Что касается способа, по которому поступают или образуются впечатления, для поэта одинаково большое значение имеют как физиологические, так и психологические моменты. Прежде всего чувства, нервные пути и мозговые центры у некоторых индивидов устроены более совершенно, и благодаря этому эти лица получают более отчетливые и более прочные представления. Мы видели, как Гёте считает тонкую чувствительность и способность к редким восприятиям необходимой предпосылкой для художественного таланта. Сам он был настолько впечатлительным, что сильно волновался из-за самых слабых диссонансов и удерживал в своей памяти резко и определённо все очертания предмета. Так и Ламартин сообщает нам: «Я был рожден впечатлительным и чувствительным. Эти два качества являются первыми элементами всякой поэзии.

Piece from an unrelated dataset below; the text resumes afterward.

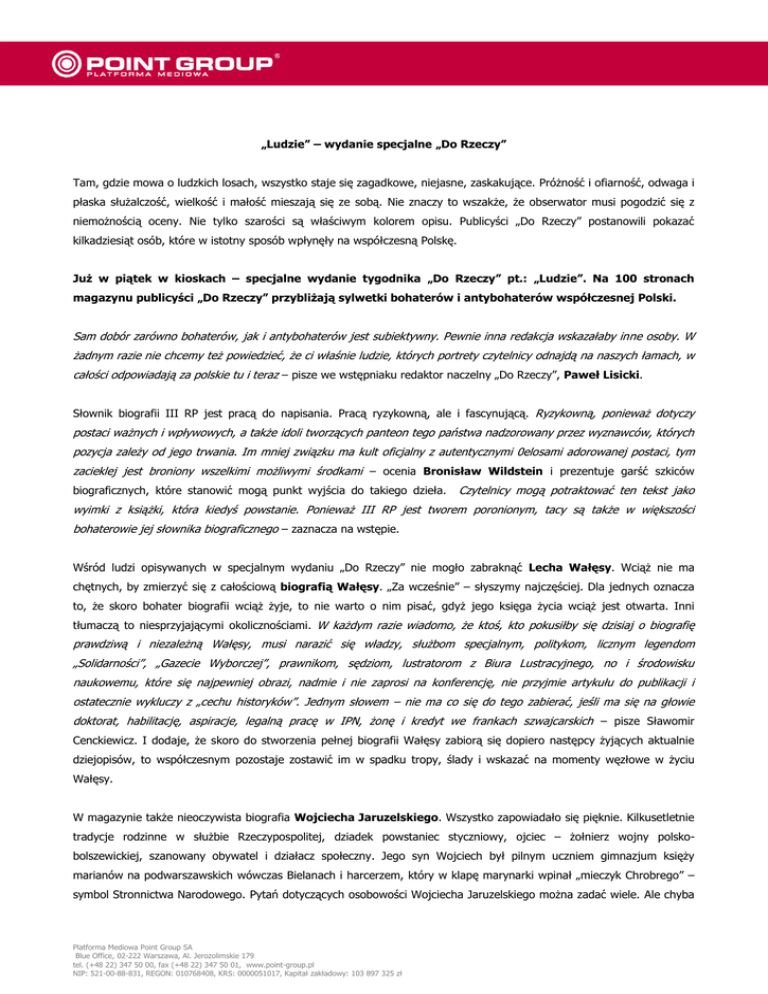 „Ludzie” – wydanie specjalne „Do Rzeczy” Tam, gdzie mowa o ludzkich losach, wszystko staje się zagadkowe, niejasne, zaskakujące. Próżność i ofiarność, odwaga i płaska służalczość, wielkość i małość mieszają się ze sobą. Nie znaczy to wszakże, że obserwator musi pogodzić się z niemożnością oceny. Nie tylko szarości są właściwym kolorem opisu. Publicyści „Do Rzeczy” postanowili pokazać kilkadziesiąt osób, które w istotny sposób wpłynęły na współczesną Polskę. Już w piątek w kioskach – specjalne wydanie tygodnika „Do Rzeczy” pt.: „Ludzie”. Na 100 stronach magazynu publicyści „Do Rzeczy” przybliżają sylwetki bohaterów i antybohaterów współczesnej Polski. Sam dobór zarówno bohaterów, jak i antybohaterów jest subiektywny. Pewnie inna redakcja wskazałaby inne osoby. W żadnym razie nie chcemy też powiedzieć, że ci właśnie ludzie, których portrety czytelnicy odnajdą na naszych łamach, w całości odpowiadają za polskie tu i teraz – pisze we wstępniaku redaktor naczelny „Do Rzeczy”, Paweł Lisicki. Słownik biografii III RP jest pracą do napisania. Pracą ryzykowną, ale i fascynującą. Ryzykowną, ponieważ dotyczy postaci ważnych i wpływowych, a także idoli tworzących panteon tego państwa nadzorowany przez wyznawców, których pozycja zależy od jego trwania. Im mniej związku ma kult oficjalny z autentycznymi 0elosami adorowanej postaci, tym zacieklej jest broniony wszelkimi możliwymi środkami – ocenia Bronisław Wildstein i prezentuje garść szkiców biograficznych, które stanowić mogą punkt wyjścia do takiego dzieła. Czytelnicy mogą potraktować ten tekst jako wyimki z książki, która kiedyś powstanie. Ponieważ III RP jest tworem poronionym, tacy są także w większości bohaterowie jej słownika biograficznego – zaznacza na wstępie. Wśród ludzi opisywanych w specjalnym wydaniu „Do Rzeczy” nie mogło zabraknąć Lecha Wałęsy. Wciąż nie ma chętnych, by zmierzyć się z całościową biografią Wałęsy. „Za wcześnie” – słyszymy najczęściej. Dla jednych oznacza to, że skoro bohater biografii wciąż żyje, to nie warto o nim pisać, gdyż jego księga życia wciąż jest otwarta. Inni tłumaczą to niesprzyjającymi okolicznościami. W każdym razie wiadomo, że ktoś, kto pokusiłby się dzisiaj o biografię prawdziwą i niezależną Wałęsy, musi narazić się władzy, służbom specjalnym, politykom, licznym legendom „Solidarności”, „Gazecie Wyborczej”, prawnikom, sędziom, lustratorom z Biura Lustracyjnego, no i środowisku naukowemu, które się najpewniej obrazi, nadmie i nie zaprosi na konferencję, nie przyjmie artykułu do publikacji i ostatecznie wykluczy z „cechu historyków”. Jednym słowem – nie ma co się do tego zabierać, jeśli ma się na głowie doktorat, habilitację, aspiracje, legalną pracę w IPN, żonę i kredyt we frankach szwajcarskich – pisze Sławomir Cenckiewicz. I dodaje, że skoro do stworzenia pełnej biografii Wałęsy zabiorą się dopiero następcy żyjących aktualnie dziejopisów, to współczesnym pozostaje zostawić im w spadku tropy, ślady i wskazać na momenty węzłowe w życiu Wałęsy. W magazynie także nieoczywista biografia Wojciecha Jaruzelskiego. Wszystko zapowiadało się pięknie. Kilkusetletnie tradycje rodzinne w służbie Rzeczypospolitej, dziadek powstaniec styczniowy, ojciec – żołnierz wojny polskobolszewickiej, szanowany obywatel i działacz społeczny. Jego syn Wojciech był pilnym uczniem gimnazjum księży marianów na podwarszawskich wówczas Bielanach i harcerzem, który w klapę marynarki wpinał „mieczyk Chrobrego” – symbol Stronnictwa Narodowego. Pytań dotyczących osobowości Wojciecha Jaruzelskiego można zadać wiele. Ale chyba Platforma Mediowa Point Group SA Blue Office, 02-222 Warszawa, Al. Jerozolimskie 179 tel. (+48 22) 347 50 00, fax (+48 22) 347 50 01, www.point-group.pl NIP: 521-00-88-831, REGON: 010768408, KRS: 0000051017, Kapitał zakładowy: 103 897 325 zł najważniejsze dotyczy kwestii, jak to było możliwe, że człowiek urodzony w „genetycznie” patriotycznej rodzinie zszedł na drogę narodowego zaprzaństwa – pyta i próbuje odpowiedzieć Piotr Gontarczyk. A Piotr Semka twierdzi, że Platforma ma problem. W udany sposób co prawda wypchnęła lidera PiS z polityki, ale z popularnością Jarosława Kaczyńskiego nie da się walczyć tak jak z innymi politykami. U władzy stricte politycznej przez 23 lata istnienia III RP Kaczyński był tylko rok i cztery miesiące. Ale z perspektywy tych dwóch dekad to on stworzył świat wyobrażeń i mitologii wyborców polskiej prawicy. Czyli statystycznie rzecz biorąc, po 1989 r. Jarosław Kaczyński dłużej odgrywa rolę Króla-Ducha niż skutecznego polityka. Być może dlatego lider PiS jest ostro zwalczany i niecierpiany. Zarówno przez ideologów lewicy, jak i rywali z partii konserwatywnych, którzy oburzają się, że „żoliborski lewak ukradł Polsce prawicę”. Z jakichś powodów jednak zwykły patriotyczno-katolicki elektorat w kolejnych wyborach od ponad dekady premiuje właśnie jego. Dlaczego? Próba odpowiedzi w specjalnym wydaniu „Do Rzeczy”. Alfabet III RP byłby niepełny bez sylwetki obecnego szefa rządu . Donald Tusk być może byłby niezłym premierem w spokojnych czasach w ustabilizowanym państwie. Ale Polska nie jest takim krajem, a czasy nie są dobre. Mamy pecha: rządzi nami człowiek o kwalifikacjach na dobrego akwizytora, ale nie męża stanu – pisze Piotr Gursztyn. Jego zdaniem, rządzi nami polityk bezwzględny, czasem okrutny, zręczny i przebiegły, któremu obca jest jednak powaga miejsca, w którym się znalazł. Jest inteligentniejszy i bardziej chytry od większości polskich polityków. Cała jednak reszta – mówimy tu o gronie liderów politycznych – to ludzie, u których w momentach krytycznych cynizm i karierowiczostwo ustępowały

Внешние вещи, едва замеченные, оставляли во мне живой и глубокий отпечаток; и, исчезая с моих глаз, они отражались и сохранялись в так называемом воображении, то есть в памяти»[248].
Братья Гонкур замечают о Теофиле Готье, что он обладал «удивительной памятью, в которой воспоминание сравнимо с чистыми очертаниями фотографического клише»[249]. Конечно, сравнение в данном случае не следует брать точно, так как известно, насколько далеко стоит воображаемая картина от соответствующего живого восприятия, однако всё же эта индивидуальная способность к более ярким воспоминаниям реальных образов у поэта является важным фактором. Так и Гофмансталь пишет вообще о поэте: «Он здесь, и он безмолвно меняет свой взгляд, он не что иное, как глаз и ухо, и он берёт свои краски у вещей, которые созерцает… Он никогда не может полностью забыть то, что однажды слышал: слово, имя, указание, анекдот, картину, тень, легшую на его душу»[250]. Это имеет значение не только для поэта, но и для живописца. «Гаварни, — свидетельствуют братья Гонкур, — обладал удивительной памятью на физиономии, однажды увиденные. Они складывались в его голове, все эти лица, как клише в фотоателье. Гаварни видел людей, которых рисовал, они являлись ему снова. Часто он говорил Мореру: «Помните ли Вы о том-то и том-то?»… А прошло двадцать лет со дня встречи»[251]. О Леонардо да Винчи его биограф Вазари рассказывает, что он прослеживал на улицах лица, привлекавшие его внимание некоторыми своими чертами, физиономией, бородой, прической и т.д. Эти черты запечатлевались так живо в его памяти, что когда он возвращался домой, то мог делать наброски, как с натуры.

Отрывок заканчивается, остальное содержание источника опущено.